前回の3人での食事は、アンティパスト、プリモピアット、セコンドピアット、デザート、と
すこぶるバランス良く大変美味しく、感動してしまったので、再度同じお店にと言う要望のまま、
予約をして、来た。
 サルデニア料理のお店である。
ドライの白ワイン、ガス入のお水、を頼んだ。
テーブルには、パーネ・カラザウ、(薄焼きのパン)フォカッチャ、が置いてある。
空腹の眼には、自然と手が伸びる。食べ過ぎないようと、言い聞かせながらも、
手は容赦なく伸びて行く。
カリカリのカラザウは、香ばしくて美味しい。
 3人ながら、一皿づつは流石に量が多いので、アンティパスト2皿でシェアー、
白魚のハンバーグと蛸のボイル、プリモパスタはカサゴ(Scorfano)のパッケリ、とカラスミのフジッリ(Fusilli),
二皿を頼んで、三人でシェアー、辛口のサルデーニャの白ワインを口に含んで、パスタを食べ終わると、
パーネ・カラザウを食べ過ぎたのか、お腹は、一杯になってしまった。
 前回感動したデザートの為に、メインディッシュは一皿にしようと、エビ、イカ、白魚、ズッキーニ、
のミックスフライを頼んだ。
ミックスフライは、香ばしくてこれ又別腹、オリ-ブオイルで揚げた、エビ、イカ、お腹の満腹度は無視されて、
口、舌の味覚への欲は、限り無く、食べ続けてしまう。
 さて、いよいよ、セアダス、サルデーニャ料理のデザートだ。
ペコリーノチーズを小麦粉の生地で包んで、オリ-ブオイルで揚げ、蜂蜜をかけた、セアダス登場。
一口、食べる。
美味しい。
あれっ!こんな味だったかな!
前回の感動は、伴わない!
 三人とも、どうしたんだろうかと不可思議な顔をして見合わせる。
 確かに味は何も変わってない。

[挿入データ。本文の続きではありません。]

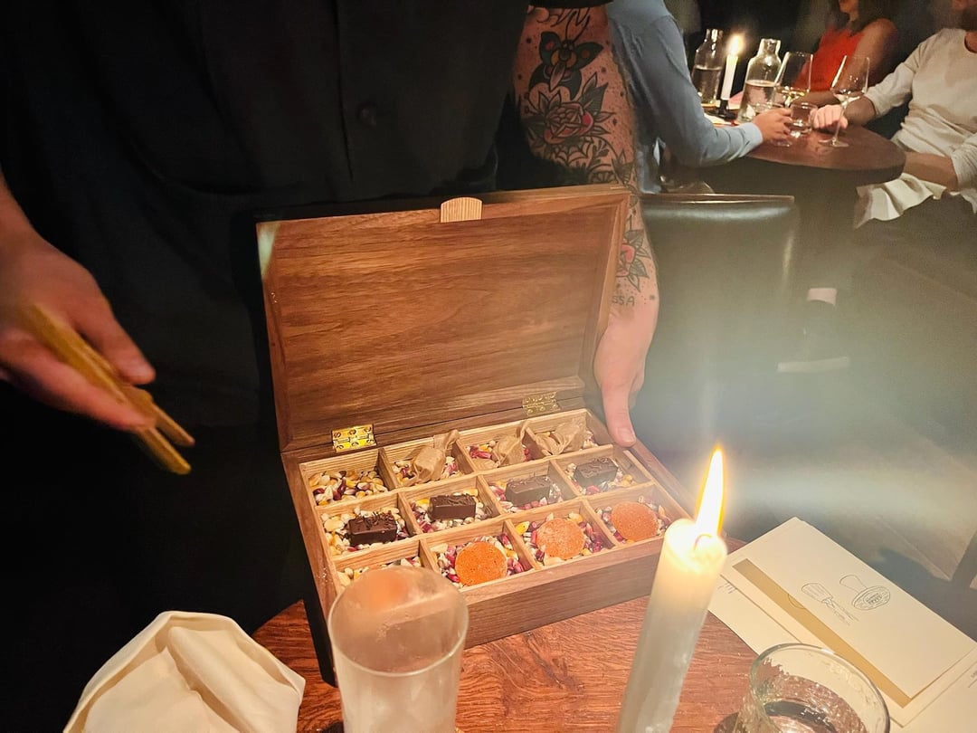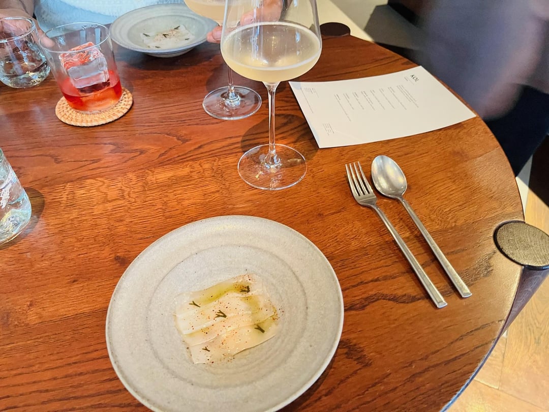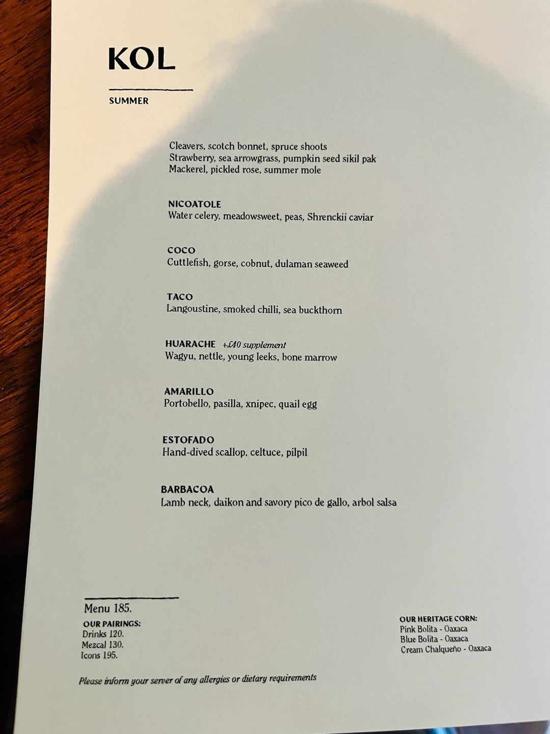 We had the £185 menu for two. So I think that came to about £400. And then it's whatever drinks you have on top. So I think there was an extra £400 on drinks (3 cocktails, 1 glass of dessert wine, lots of non-alcoholic cocktails and a bottle of sparkling non-alcoholic something, She said it was a kombucha, but it was very mild, as I don't usually like kombucha, and this one was very good. Maybe it's because they made it sparkling as well, that helped.)

あの時の味には、間違いはない。
不味くもない。美味しい。
しかしあの時の唸るような、感動が伴ってこない。
何故だ!
食後の感想は、延々と何であの時の感動がなかったのか、今回は!
と言う分析に、テーブル上で、言葉が飛び交う。
 そもそも、感動する事を期待しては駄目だ。
 感動は、思わぬ偶然が、もたらすものだ。
 音楽の感動は、絵画の感動は、生活への感動は、人生への感動は、
感動は反復しないものだと、サルデーニャ料理、デザートセアダスは、美味しく、物語ってくれた。